Most of us have returned from vacation by now but I wonder how refreshed you are feeling. Was you vacation like the character in the cartoon published recently in the New York Times (INYT Friday, August 8th, 2014), i.e. still connected to the grid? Or did you follow my advice in the posts entitled ‘Gadget stress‘ (April 9th, 2014) and ‘Reading offline‘ (March 19th, 2014) by engrossing yourself in reading a few good books with all gadgets switched off. I know some of my colleagues did not because I have received automatic vacation replies to my emails followed by detailed email responses a few hours later or even a minute or two later in one case, often including a reminder that they are on vacation! David Levitin writing in the NYT (on August 9th, 2014) asserts that a ‘vacation isn’t a luxury’ and I agree with him. We went to an undisclosed location with no telephone, no internet and no mobile phone signal and even then we thought that two weeks was not long enough!

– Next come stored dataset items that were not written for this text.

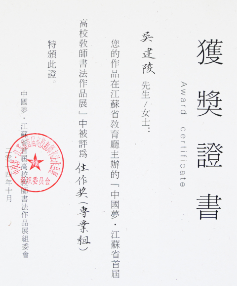 日前,在江苏省教育厅主办的“中国梦 江苏省首届高校教师书法作品展”上,由我校选送的党委宣传部吴建陵老师的作品,经过专家评委认真严格评审,获专业组佳作奖(专业组唯一奖项)。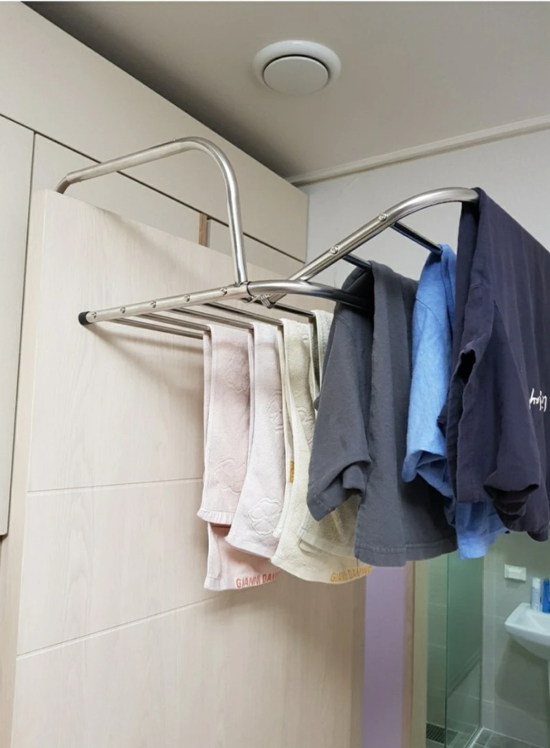 바닥보단 천장과 더 가까운 걸이식 건조대를 사용하는 게 더 효율적이라 할 수 있다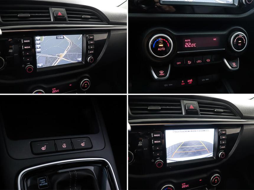 Мы заботимся о Вас и проверяем историю каждого автомобиля Kia Rio IV (2018 год) — практичный хетчбэк, который подойдёт как для городских поездок, так и для путешествий за город. Белый кузов и пятидверная компоновка делают автомобиль удобным для семьи и повседневных задач. Автомобиль оснащён бензиновым двигателем объёмом 1,6 литра и мощностью 123 лошадиные силы, а автоматическая коробка передач обеспечивает плавное вождение. В Kia Rio продумана функциональность для комфортного использования. В автомобиле есть бортовой компьютер, аудиосистема с AUX, Bluetooth, USB и розеткой 12V — можно легко подключить необходимые устройства. Климат-контроль создаст комфортный микроклимат в салоне, а подогрев всех сидений сделает поездки в холодное время года особенно приятными. Безопасность и удобство вождения обеспечены современными системами и опциями. Антиблокировочная система тормозов (ABS) и система курсовой стабилизации (ESP) помогают сохранять контроль над автомобилем в сложных ситуациях. Парктроник и камера заднего вида облегчают парковку, а датчик давления в шинах позволяет следить за состоянием колёс. Также в автомобиле установлены подушки безопасности: для водителя и пассажира, боковые и оконные (шторки). Эргономичный салон с тканевой отделкой и различными опциями для удобства водителя и пассажиров делает Kia Rio комфортным для длительных поездок. Мультифункциональное рулевое колесо с отделкой кожей и подогревом, регулировка руля по высоте и вылету, а также регулировка сиденья водителя по высоте позволяют настроить салон под индивидуальные предпочтения. Электрорегулировка зеркал, электростеклоподъёмники и центральный замок добавляют удобства в повседневном использовании.

David Levitin goes on to say that we should not skimp on daydreaming. He describes how our brains have two modes of operation: central executive mode and mind-wandering mode. We tend to operate in one mode or the other and the switching between them is controlled by the insula, which is located in our brain about 25mm below the top surface of your skull. Tasks requiring focussed attention, such as learning and problem-solving are performed in central executive mode while day-dreaming and surfing from one idea to another is undertaking in mind-wandering mode. Scientists believe that switching too frequently between the modes makes you feel tired. Central executive mode functions better without distractions and in sustained periods spent on single tasks as recommended in my post entitled ‘Silence is golden‘ [January 14, 2014]. Creativity tends arise from mind-wandering, which can be stimulated by listening to music or taking a walk in nature [see my post entitled ‘The Charismatic Engineer‘ on June 4th, 2014], and allowing ideas to shuffle into perspective or the great breakthrough to emerge, apparently miraculously.
So the recipe for intellectual productivity and creativity seems to be to focus on tasks for sustained periods of times, Levitin suggests 30 to 50 minutes with email closed and phones muted. Take short breaks and go for a stroll, eight minutes is sufficient according Stanford researchers, Marily Oppezzo and Dan Schwartz. Set aside specific time to deal with email each day and also time for mind-wandering.